In order to give the Court of Claims jurisdiction under the act of March 3, 1887, the demand sued on must be founded on a convention between the parties — a coming together of minds — and contracts or obligations implied by law from torts do not meet this condition. Russell v. United States, 182 U.S. 516, 530. An employe of the Bureau of Printing and Engraving, who at his own cost and in his own time perfected and patented a device for registering impressions in connection with printing presses, which with his knowledge and consent was used for many years by the Bureau, under orders of the Secretary of the Treasury, and who during that period never made any demand for royalties, cannot, under the circumstances of this case, recover such royalties in the Court of Claims on the ground that a contract existed between him and the Government, because, prior to the use of the device by the Government, the Chief of the Bureau promised to have his rights to the invention protected.
"III. That ever since the issuance of said letters patent the defendant has constructed, and has used continuously, from the date of said letters patent, to wit, March 1, 1870, upon and in connection with plate printing presses used by the defendant in the Bureau of Engraving and Printing and in the Treasury building, the device aforesaid, so patented to the claimant, for the purpose of registering the number of impressions made by the various plate-printing presses, both hand and steam, employed and used by the defendant in the said Bureau of Engraving and Printing and in the Treasury Department building."IV. The claimant at the time of the making of his invention before described was assistant master machinist in the Bureau of Engraving and Printing. He was never assigned to the duty of making inventions, and it was not a part of his duty to do so; and the invention before described was made within his own time and exclusively at his own cost, and was a completed invention, properly and sufficiently set forth in drawings when first brought to the Chief of the Bureau, as set forth in finding II."V. The defendants were in the undisturbed use of the claimant's invention from July 24, 1878, to July 24, 1884, by attaching such registers to a great number of their presses. During that period the claimant made no objection to such use of his invention, and failed to give notice to the Secretary of the Treasury or the Chief of the Bureau of Engraving and Printing that he would demand royalty or remuneration therefor."VI. The average number of presses with claimant's device used by the defendants between July 24, 1878, and July 24, 1884, was 200 per day, covering 1,802 working days."

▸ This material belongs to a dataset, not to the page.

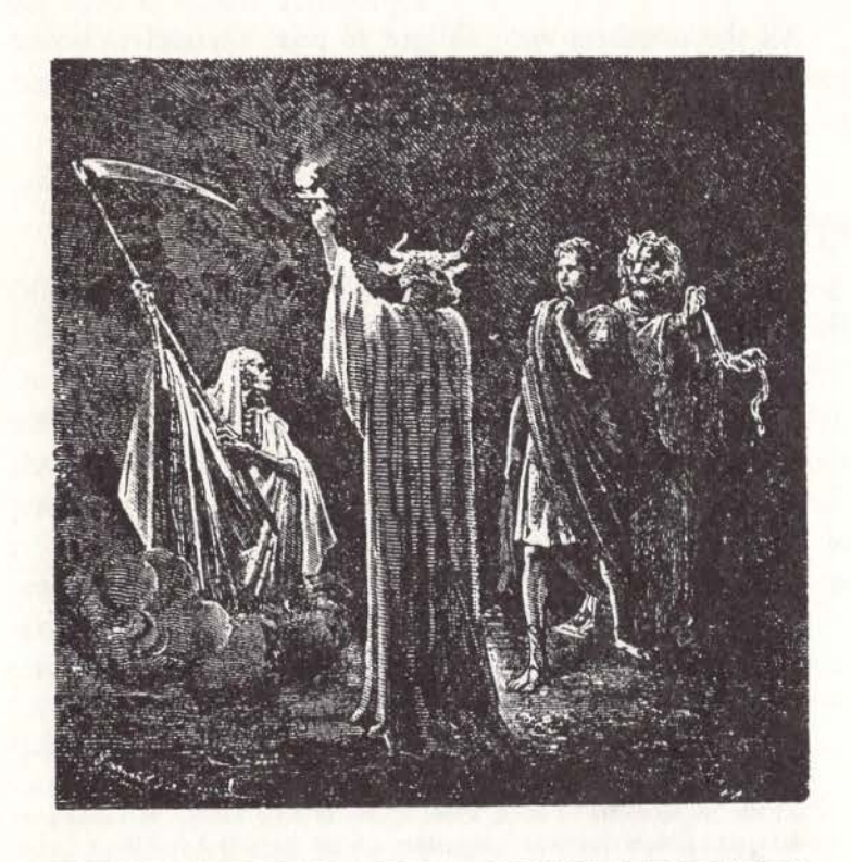
SPECTRAL FORMS APPROACH THE NEOPHYTE (FROM CHRISTIAN'S HISTOIRE DE LA MAGIE)

Mr. W.W. Dodge and Mr. A.A. Hoehling, Jr., for appellant:
There were parties competent to contract and there was proper subject matter for contract. Under § 2, act of July 11, 1862, 12 Stat. 532; § 3577, Rev. Stat., the Secretary of the Treasury had full authority to act through agents or subordinate officers, as indeed the various executive officers must do in such matters from the very nature of the case. The findings of the court below show that the Secretary approved the form of register and directed that such registers be made and attached to the presses in the Bureau.
Thus it appears that this was the immediate and direct act of the Secretary of the Treasury in his official capacity, and with full knowledge of claimant's rights in the premises and within his statutory powers.
Before appellant consented to show his device to the Secretary, and again after he had so shown it (under an assurance of protection), but before consenting to the use of the registers, appellant demanded protection, and declared that he wanted first to secure his patent. Not until protection was a second time promised did he assent to use of his invention. Since then the United States has constructed and used continuously from the date of appellant's patent, the device so patented to him, and was, throughout the entire period covered by this claim, in the undisturbed use of his invention.
A party is not under obligation to renew or repeat notice of his rights. The patent is itself notice to all the world. The rule is the same as in a suit based upon infringement of a patent, instead of upon an implied license to use the patent. Stearns-Roger Mfg. Co. v. Brown, 114 F. 939, 944; Sessions v. Romadka, 145 U.S. 29.
There is no pretense of lack of knowledge of appellant's rights, or of lack of notice from him and demand for protection and the protection demanded was against the use of his invention without compensation by the Government and not protection against private parties.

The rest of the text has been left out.